Over the last few weeks, there has been no shortage of commentary about the collapse of the new event centre deal. Yet, what many are overlooking is the full scope of the impact the latest news has on the Calgarians employed in the design and construction industry and the organizations they work for.

Construction on the new arena was set to start this month. Members of our industry were already engaged in work, thousands of hours were spent, and many more would follow. Indeed, so much great work was done by so many. Notably, the development permit on the project was unanimously approved in November 2021 by the Calgary planning commission — which is an incredible feat for such a complex and multilayered project. The failure of the current event centre deal represents an immediate loss in terms of jobs and certainty that contractors and many businesses were depending on.

In 2019, Ernst & Young prepared an economic impact assessment on the full build-out of the district (event centre, BMO Centre expansion and Arts Commons) and estimated that 4,750 full-time jobs could be created during the construction phase of the projects, with a direct economic impact of $600 million.

As city-builders, our vision has always been to see Calgary grow and excel. We build the infrastructure where people live, work and play. Our “product” is the social and cultural fabric of our city. However, it is not just about building office towers and commercial spaces. To us, it is about realizing a Calgary we can all be proud of.

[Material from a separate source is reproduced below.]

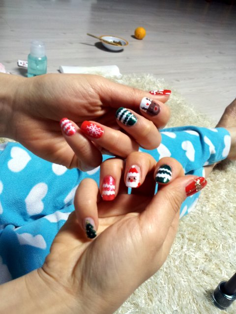 바로 어제!! 엄청 공들여서 한 크리스마스 기념 네일아트♡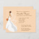 Uma morena, uma noiva de olhos castanhos espreita desesperadamente sobre seu ombro sobre um fundo com padrão de cor de pêssego. O teu texto cor de laranja está à volta dela. As informações do registro vão atrás. Disponível em cores alternativas com uma variedade de cores de pele/cabelo/olho para a noiva. Correspondência, cartas de agradecimento, favores e postagens disponíveis. Entre em contato comigo na minha loja se preferir um fundo diferente.

Our belief was, and remains, that the event centre is the catalyst project to lead off the culture and entertainment district within the Rivers District. The district is key to adding to the cultural and social fabric of the city by creating spaces for Calgarians to gather, eat, attend concerts and sporting events, and genuinely live, work and play.

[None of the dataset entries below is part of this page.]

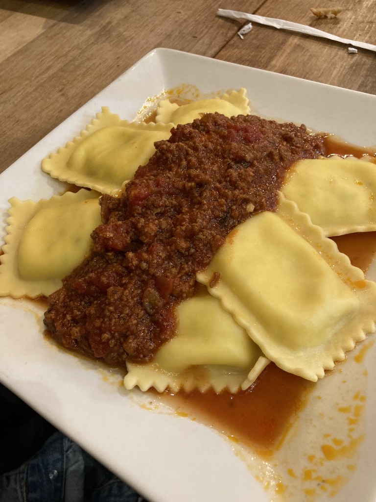 Cheese Ravioli ($12.99) — Double-stuffed jumbo raviolis filled with a blend of Romano, Parmesan, Asiago and Ricotta cheese with meat sauce
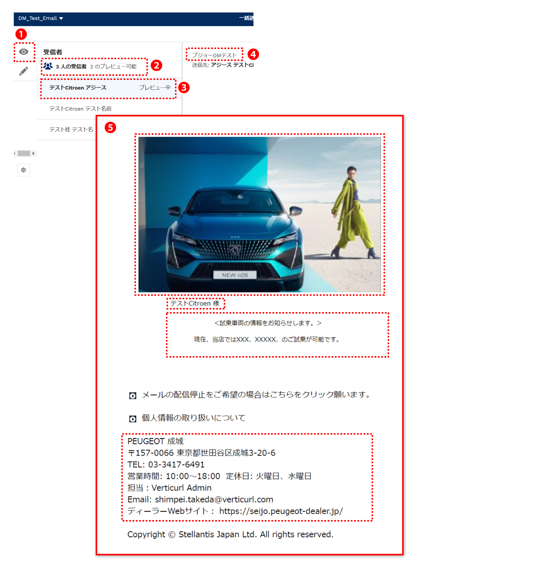 ❸「受信者」の中から任意のお客様を1件選択して、右側のプレビュー画面で実際に配信されるメール内容の最終確認をします。 (すべての送信先に対する表示を確認する必要はありません。送信先リストに含まれるお客様のうち、最初の100名までがプレビュー確認可能です。)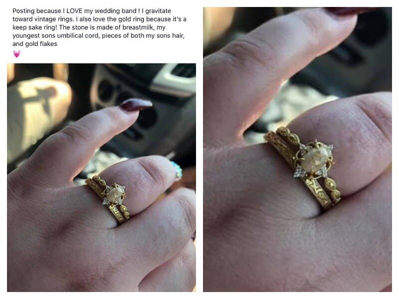 Женщина в соцсети рассказала о своем уникальном кольце, которое сделано из ее грудного молока и пуповины ее сына. Но не всем понравилась креативное украшение. Пользователи испытали легкое отвращение, увидев пост об этом обручальном кольце. Невеста разместила в Facebook снимок своего обручального кольца. Она рассказала, что для его изготовления она использовала свое грудное молоко, пуповину и волосы сына, а также золото — рассказал Daily Mail. Я люблю свою свадьбу! Я тяготею к винтажным кольцам. А также я люблю это золотое кольцо, потому что это - память.

We also believe that anchor projects like the event centre and BMO expansion would attract new investment: new residential spaces, hotels, restaurants, bars, museums — creating new construction jobs and opening the door for many other businesses and future jobs with it.

It seems the City of Calgary thought so too. After all, significant investment has made been in developing the 20-year vision for the Rivers District, including spending millions to build a new Green Line LRT Station in the area, while extending connectivity to Stampede Park through 17th Avenue and Olympic Way.

Tax revenue from the developments around the event centre was set to make the community revitalization levy flourish and fund other projects in the district. In 2021, the revised deal had Calgary Sports and Entertainment Corp. cover overruns on the construction phase of the project. All the ingredients for success were there.

With all of this in mind, many in the construction industry are wondering what happens next. With the absence of an anchor project, what happens to this vision, the promise of a culture and entertainment district — and the economic activity that comes with it? How do we activate the investment city hall is already spending in the area? What is the plan with the Saddledome and the spaces around it? And finally, what is the true cost of a further delay on a new event centre, both in terms of time and money?

This week, we were pleased to see city council unanimously support the vision of a new event centre for Calgary. We wish the revived event centre assessment committee well in exploring a new event centre and answering the questions that have been raised. We hope that the work that has already gone into this project by all committed stakeholders is not simply thrown out and forgotten, but, rather, serves as a new base to develop the best possible facility for Calgarians.

Now is a time for certainty, vision and leadership. Bold ideas require commitment and execution. After all, our industry and all Calgarians deserve it.

Bill Black is the president and COO of the Calgary Construction Association.